Anthony Tucker

Mississippi State Bulldogs
- Title: Assistant head coach & running backs coach

Personal information
- Born: February 27, 1976 (age 50) Fort Carson, Colorado Springs, Colorado, U.S.
- Listed height: 6 ft 0 in (1.83 m)
- Listed weight: 190 lb (86 kg)

Career information
- High school: Los Alamitos (CA)
- College: Fresno State
- NFL draft: 1999 (undrafted)

Career history

Playing
- New York Giants (1999–2000)*; Amsterdam Admirals (2001); St. Louis Rams (2002)*;
- * Offseason or practice squad member only

Coaching
- Lakewood HS (CA) (2006–2009) Offensive coordinator & wide receivers coach; Colorado (2010) Offensive technical assistant; Idaho State (2011–2012) Wide receivers coach; Arkansas State (2013) Wide receivers coach; Arkansas State (2014–2015) Running backs coach; Maryland (2016–2017) Running backs coach; UCF (2018) Running backs coach; UCF (2019) Passing game coordinator & running backs coach; UCF (2020) Co-offensive coordinator & running backs coach; Utah State (2021–2022) Offensive coordinator & quarterbacks coach; Indiana (2023) Co-offensive coordinator & wide receivers coach; Mississippi State (2024–present) Assistant head coach & running backs coach;

= Anthony Tucker (American football) =

American football player and coach (born 1976)

Anthony Tucker (born February 27, 1976) is an American college football coach and former wide receiver. He is the assistant head coach and running backs coach for Mississippi State University, positions he has held since 2024.

== Playing career ==
Tucker played college football at Fresno State from 1994 to 1998 before signing with the New York Giants as an undrafted free agent in 1999. He was released by the Giants and signed with their practice squad multiple times over a period of two seasons before being loaned out to the Amsterdam Admirals of NFL Europe in 2001. Tucker was briefly a member of the St. Louis Rams in 2002 before he suffered a career-ending injury.

== Coaching career ==
Tucker began his coaching career at Lakewood High School in California at the request of one of his friends, who took over as the head coach of the football team. From there, Tucker went on to coach at Colorado as an offensive technical assistant before moving on to Idaho State to coach wide receivers.
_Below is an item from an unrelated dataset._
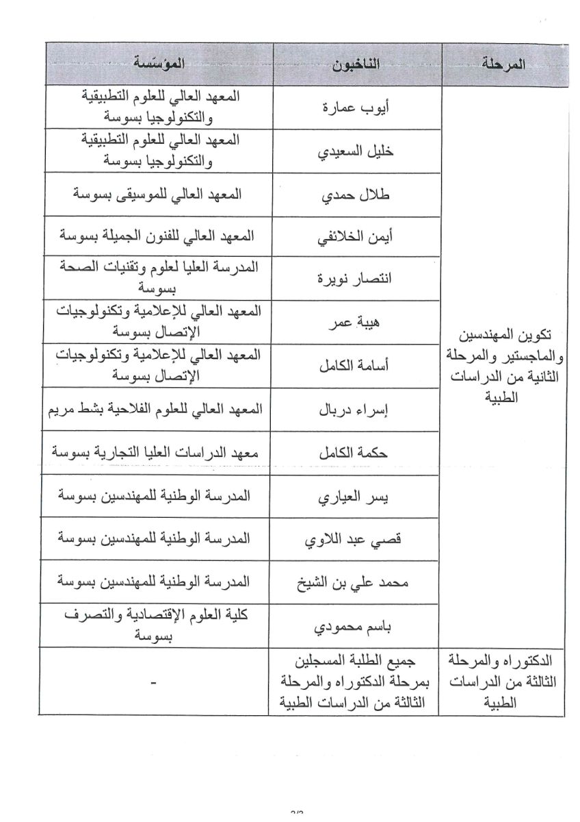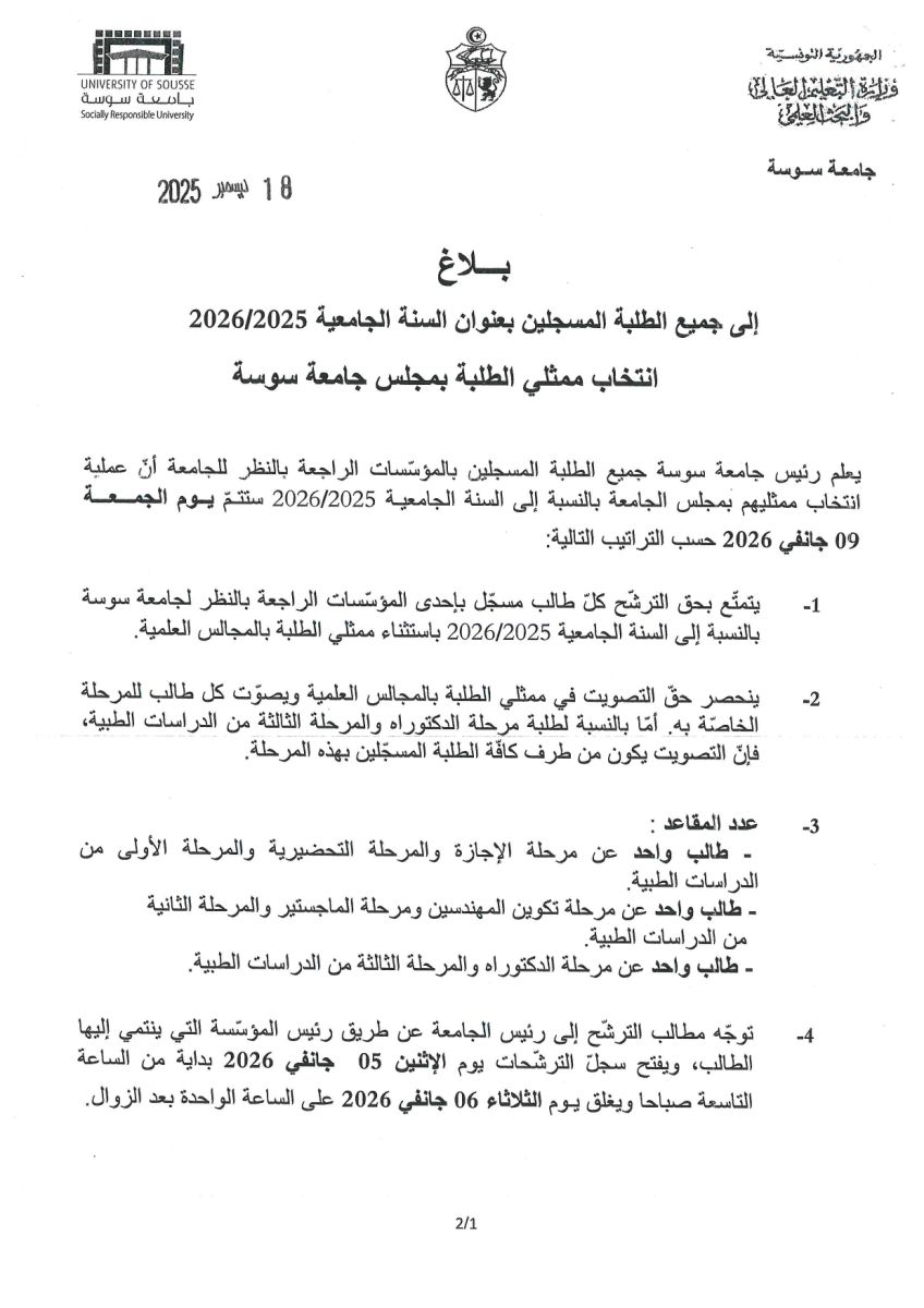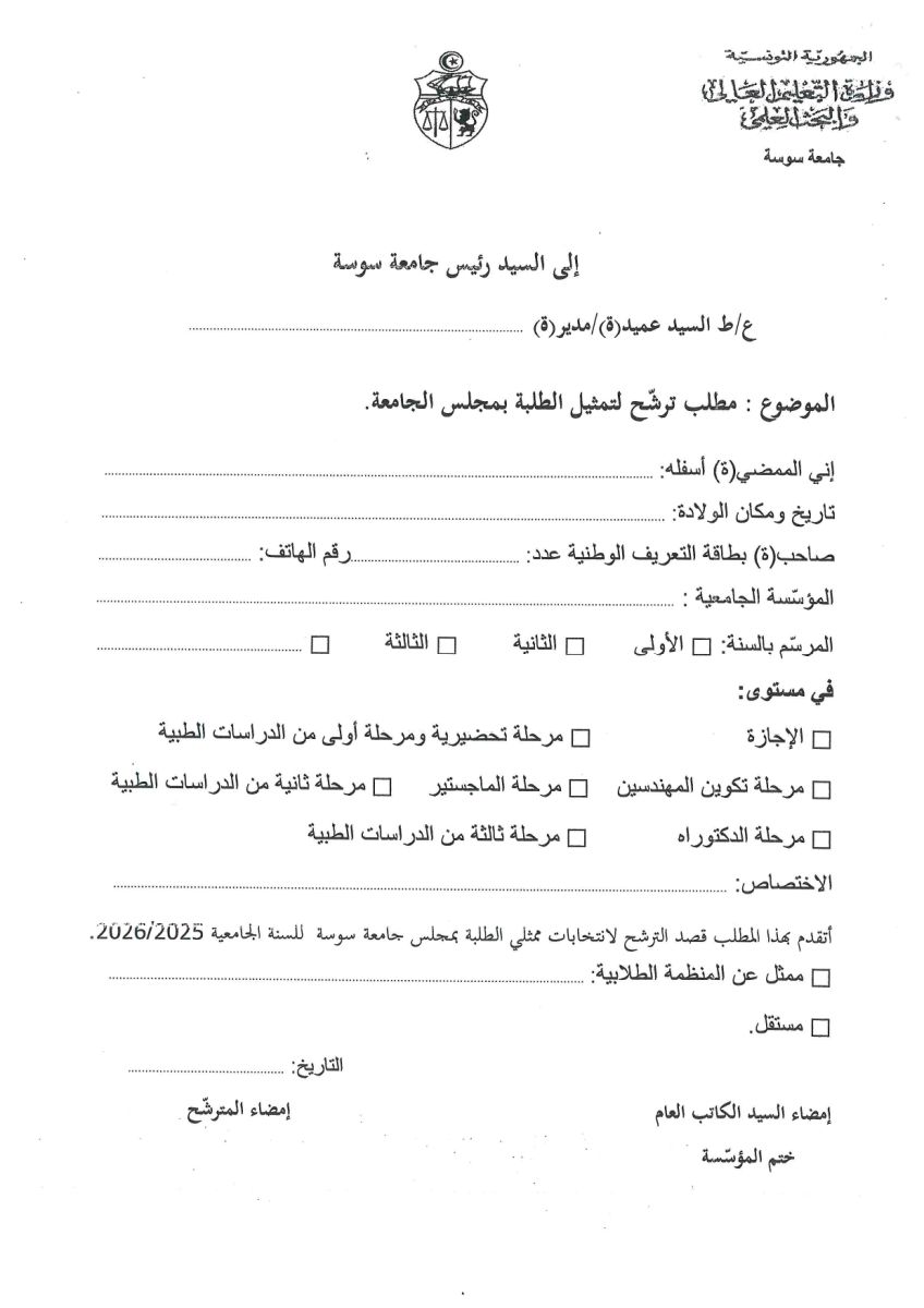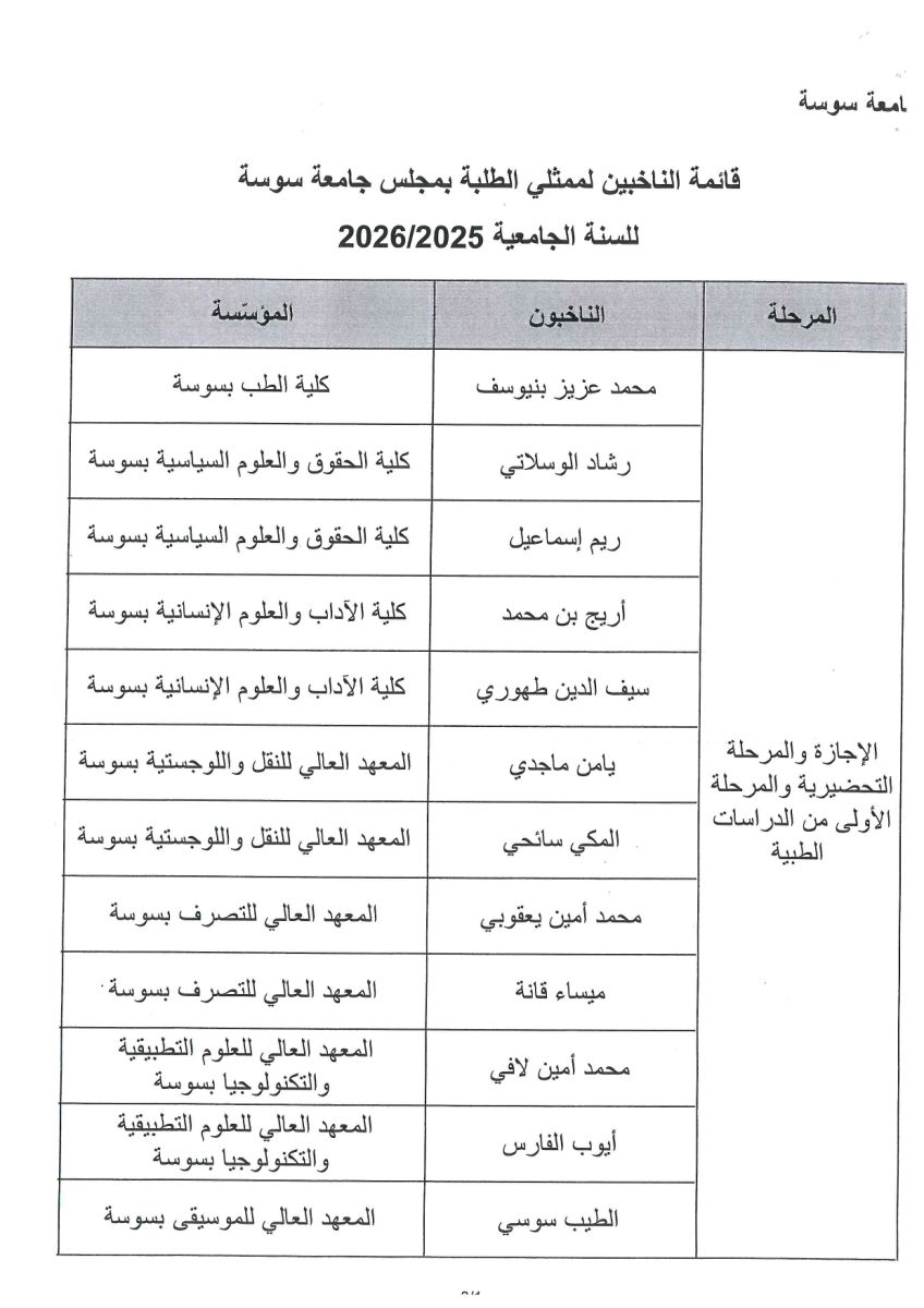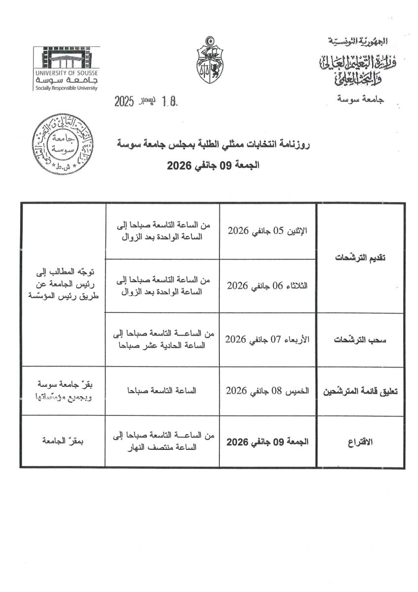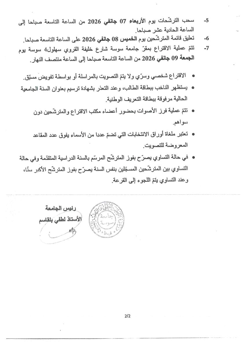 انتخابات ممثلي الطلبة بمجلس جامعة سوسة

He also coached at Arkansas State before going on to joining the coaching staff at Maryland as running backs coach.

=== UCF ===
Tucker was named the running backs coach at UCF in December 2017, on Josh Heupel's inaugural coaching staff. After being promoted to passing game coordinator in 2019, Tucker was named co-offensive coordinator in 2020, splitting coordinator duties with Alex Golesh.

=== Utah State ===
Tucker was named the offensive coordinator and quarterbacks coach at Utah State in 2021. The move reunited him with Blake Anderson, who he worked under at Arkansas State.

===Indiana===
On February 18, 2023, Tucker was named co-offensive coordinator and wide receivers coach at Indiana.

===Mississippi State===
On December 2, 2023, Tucker was named assistant head coach at Mississippi State.